Tuesday, 7 June 2011

Murdoch is Bad News - the Wapping Dispute book by John Lang and Graham Dodkins

Bad News - the Wapping Dispute
John Lang and Graham Dodkins
Illustrations - the late Tony Hall of Strike Graphics  
Spokesman Books

As he also had the Tory Government, police and the whole state apparatus supporting him then standing up to one of the world’s most powerful men wasn’t easy. It’s therefore pleasing to read a book about the thousands of print workers who in the mid 1980s resisted Rupert Murdoch’s attacks on their jobs, wages, working conditions and trade union bargaining rights.

The miners’ strike of 1984-85 was still fresh in people’s minds when Murdoch moved against his London Fleet Street employees at the Times, Sunday Times, News of the World and the Sun. His motivation was simple - to maximise his profits.

The man who loved Maggie [Thatcher] prepared the ground well. Hiding exactly why he had purchased a new building at Wapping.

Then installing and testing, with the assistance of - to their eternal shame the Electrical, Electronic, Telecommunications and Plumbing Union - new machinery to ensure he could keep publishing when his employees were left with no alternative except to take strike action to defend themselves.

Within minutes of doing so, on January 24th 1986, Murdoch had sacked all 5,500 of them including the Bad News authors. John Lang and Graham Dodkins were amongst 600 clerical workers dismissed, half of whom were women. The pair, using interviews they conducted during the industrial dispute that raged for the following 13 months, have done an excellent job in bringing to life the courage and dogged determination of those who fought for their jobs and trade union rights.

Doing so meant putting a picket on the Wapping plant. The hope was that those inside would join them once they’d heard how their actions were damaging fellow workers and their families. No one thought it was going to be easy. But what most hadn’t considered was just how hard the Metropolitan Police, with Thatcher’s full support, would make it and the book recalls how many print workers and their supporter’s were harassed, attacked and criminalised.

As Tony Benn writes in the foreword “I saw the police in action in a way that was violent and unjustified.”

The courts too were used against the strikers when their union, SOGAT [1], had its assets sequestrated.
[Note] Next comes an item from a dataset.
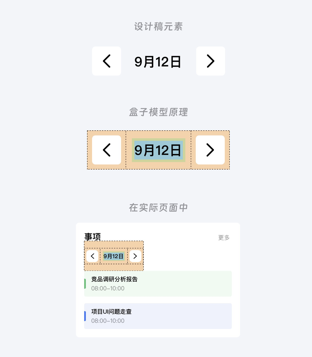 • 案例實操:以 “9 月 12 日” 的日程元素為例,其內(nèi)容(如事項名稱、時間)對應(yīng) content,內(nèi)容與邊框的距離為 padding,元素邊框為 border,與其他元素的間距為 margin。通過調(diào)整這些屬性,可讓元素按設(shè)計稿布局整齊排列。

Funds for strike pay and campaigning activities were lost. Disturbingly too, in an industry where trade unionists at rival newspapers had historically shown solid support for one another this time there proved little appetite for a fight. Striker’s attempts to get their union to organise solidarity action failed. Meanwhile millions continued to buy Murdoch’s papers, a fact that often produced dismay when strikers’ saw someone reading a copy of the Sun.
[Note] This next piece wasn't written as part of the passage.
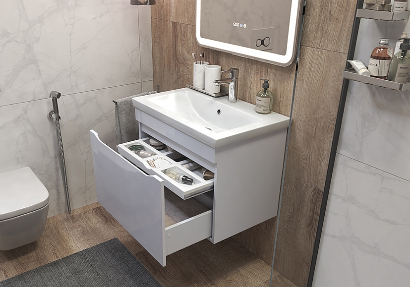 Невидимые технологии в интерьере, когда все лишнее спрятано, а на виду остается только красота и порядок. Скрытые системы хранения позволяют разместить все необходимое так, что визуальному шуму просто не остается места. В тумбах коллекции Grani есть все для чистоты и порядка: вместительные ящики, удобные полки и выдвижной органайзер для важных мелочей. А еще возможность выбора способа размещения. Подвесные модели мебели и сантехники создают визуальную легкость и облегчают уборку, что особенно важно, если вы хотите создать гибкие пространства в квартире.

At times it seemed that everything was against them, but the formation of dozens of support groups across Britain, thousands of invitations to speak at trade union meetings, huge collections and massive rallies that frequently hampered operations at Wapping showed that as long as the print workers’ battled on then there would be plenty to give them their unqualified support.

In the end it wasn’t enough. Redundancy money did little to cushion the blow, trade unions were wiped out at Wapping - even the EETPU’s scabbing didn’t get them a recognition agreement - and plenty hardly worked again. One local young lad was crushed to death under the wheels of a TNT lorry racing to deliver papers. No one was ever charged.

This then is no story with a happy ending. Yet even at the end the majority of striking clerical workers  couldn’t support a vote to call off the dispute with vast numbers abstaining. [2] And whilst no one liked losing there wasn’t anyone who regretted fighting for what should be everyone’s right - namely a decent paid job in a workplace where workers can join and be represented by a trade union.

“This is a book that should be very widely read as it is relevant to those in current struggle.” Tony Benn.

[1] SOGAT is now part of the Graphical, Paper and Media industrial sector inside UNITE. 

[2] When members of the TNL/NGN clerical chapels met on February 9th 1987 the vote to 'consider the dispute at an end' was accepted by 30 to 3 with an estimated two to three hundred abstaining.